I take it that sort of thing is more what you had in mind?
The temperature profiles were produced manually in something of hurry by a non expert Excel user (i.e. yours truly). Once all the “user feedback” has been assimilated I shall endeavour to automate the whole process on *IX instead of Windoze.
I’m not sure what you meant by “drift seems utterly inconsequential over this time frame”. Can you elucidate further?
jim,
thanks for those new resources. the one with colors could use a little explanation of the depth scale — why sea level is not fixed (negative top depths), not melt ponds since there is still snow. it seems the buoys are not recording surface albedo nor snow thermal conductivity (dry, wet, loose, packed).
when the buoys stay within a small region, we don’t get any overall picture either of Arctic Ocean overall conditions or of how bulk ice is moving. the buoys are just points, ice cover is 2D area. drift data give a=a handful of historic flow lines but it’s not known whether these are representative of overall ice movement.
below is a totally remarkable effort to display global surface wind flow. in the Arctic, that is largely driving ice flow. note you can choose wind at various heights hPa and color by local temperature etc. sort of like having an array of millions of buoys
http://earth.nullschool.net/#2014/04/15/2100Z/wind/surface/level/orthographic=-92.32,68.05,772
Hi Tom,
Thanks for the additional feedback. I now see what you mean about the IMBs giving an inadequate picture of ice drift in the Arctic as a whole.

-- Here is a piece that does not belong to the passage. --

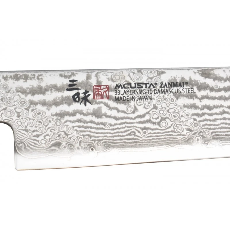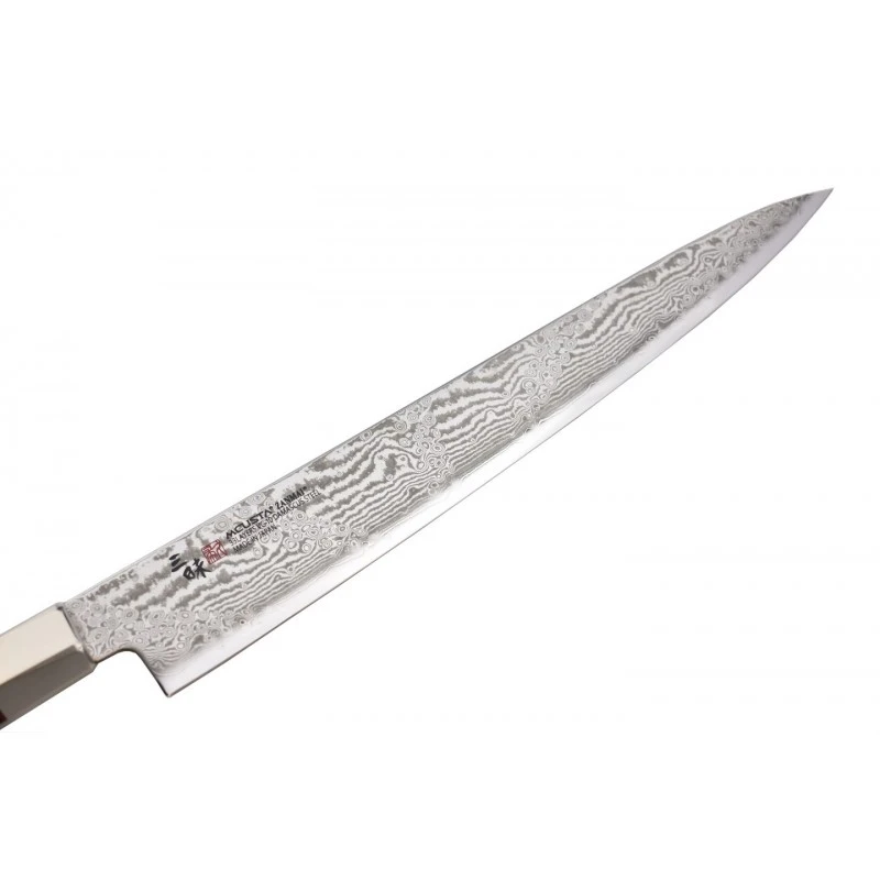 Dans le domaine de la cuisine, la marque Japonaise Mcusta est très populaire, c’est très clairement un gage de qualité. Ce modèle HZ2-3010DS Splash Hybrid Sujihiki possède une lame de 24cm de longueur qui se révèle être redoutable d’efficacité pour la préparation minutieuse des viandes et poissons. La lame possède un cœur en VG-10 entouré de couches d’acier damas afin d’être en parfaite adéquation avec la tradition Japonaise. La lame est de forme ogive et le tranchant poli miroir ce qui met particulièrement bien en avant les motifs Sanmai. Ce couteau de cuisine Japonais, Mcusta HZ2-3010DS Splash Hybrid Sujihiki 240, possède un manche noir en pakkawood stabilisé comprenant une mitre en alliage nickel-argent de haute qualité. Une élégante poignée dont le style vient parfaitement parfaire l’ensemble : une pièce des plus élégantes, ergonomiques mais aussi performantes ! Ce couteau Mcusta Sujihiki existe aussi en version lame 27cm.

There are also other buoys that report their position of course, such as the Ice Tethered Profilers.
The US Navy’s ACNFS model provides thickness and drift nowcasts and forecasts, but CICE is of course just a model, not actual measurements:
Maybe some of CICE’s deficiencies have been addressed in the new version 5, but as far as I am aware the Navy is still using version 4. I have been experimenting with it myself, but a lot of work remains to be done before anything like the “Earth” wind map will be feasible. I am already familiar with Cameron‘s work. Here’s the “Arctic cyclone” forecast for 00:00 UTC on Friday, preserved for posterity:
The cracks in the ice near the NP are much more interesting if you compare the day to day movement over the past week with the movement in the same area last year at the same time. With clear skies in both weeks, and very distinct ice floes it appears that the rate of movement south is much faster this year than last year.
The ice floes this year are also much more broken up this year suggesting a faster melt out in this are.